La Veleta, Granada, 2oo7

«Como poeta me parecen los hai-kais ni buenos, ni malos. Todo será según los hagan, ¿verdad? La poesía tiene emoción o no tiene emoción, y esto es todo», escribió Federico García Lorca (en Obras completas I. Poesía, Barcelona, Galaxia Gutenberg / Círculo de Lectores, 1996, p. 757), y esas palabras bastan para responder a quienes últimamente se lamentan o incluso se indignan por la frecuencia con la que leemos haikus (o poemas que adoptan su estructura) en libros recientes de poesía española. Es cierto que muchos recurren a las diecisiete sílabas clásicas por capricho o deporte (cuando no por simple imitación de sus amigos), inconscientes de la antiquísima tradición y la dificilísima riqueza de esa estrofa japonesa, pero es igualmente cierto que el haiku es exactamente lo contrario de una moda. Su melodía suena desde hace muchos siglos, y son conocidos y escritos en Europa y América desde hace al menos ciento cincuenta años. En este tiempo ha habido resultados gloriosos y, por otra parte, juegos más bien intrascendentes, como los mismos «Hai-kais de felicitación a mamá» que ilustraban las palabras de Lorca.
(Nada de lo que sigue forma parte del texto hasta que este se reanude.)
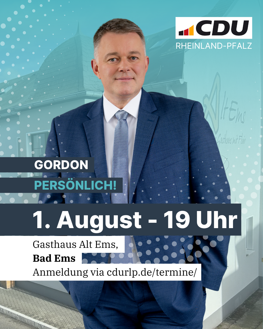 „Gordon persönlich": CDU-Spitzenkandidat Gordon Schnieder am 01. August 2025 um 19.00 Uhr zu Gast in Bad Ems.
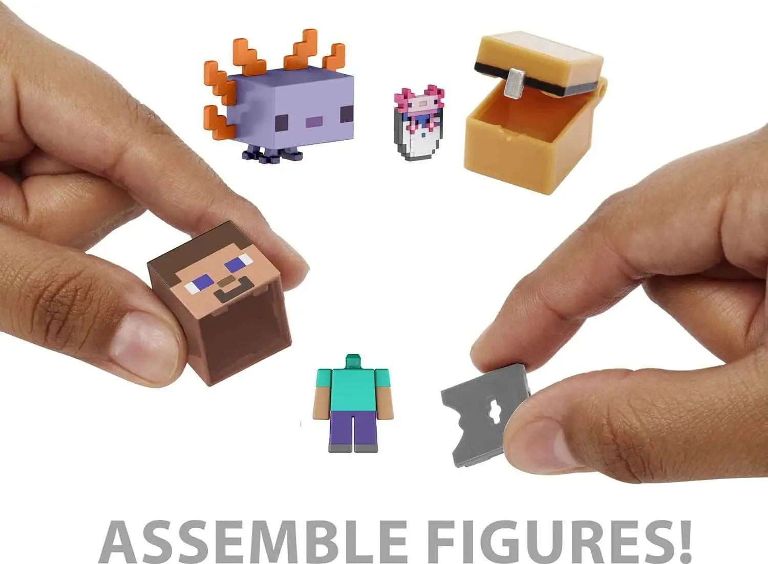 - The Minecraft Mob Head Minis Figure packs - like the Axolotl Adventures set - are designed to tell a complete story in one box with 2 specially selected character figures and accessories

No creo que fueran esos simples divertimentos los que hicieron soñar a Borges, en su muy citado cuento, que la existencia del haiku fue lo que consiguió que los severos dioses indultasen a la humanidad (en «De la salvación por las obras», incluido en Atlas), pero para saber algo más sobre esta composición y su historia conviene leer Hana o La flor del almendro (Valencia, Pre-Textos, 2007), ensayo del poeta Josep M. Rodríguez, complementado con su artículo «Breve nota sobre el haiku, años 20» (en El Maquinista de la Generación, n.º 14, octubre de 2007, pp. 27-29), aunque abundan los textos teóricos recientes y, especialmente, las antologías que últimamente recogen (o creen recoger) haikus clásicos o modernos, ortodoxos o rupturistas, poéticos o narrativos…, entre las que destaca el minucioso Libro del haiku de Alberto Silva (Madrid, Visor, 2008).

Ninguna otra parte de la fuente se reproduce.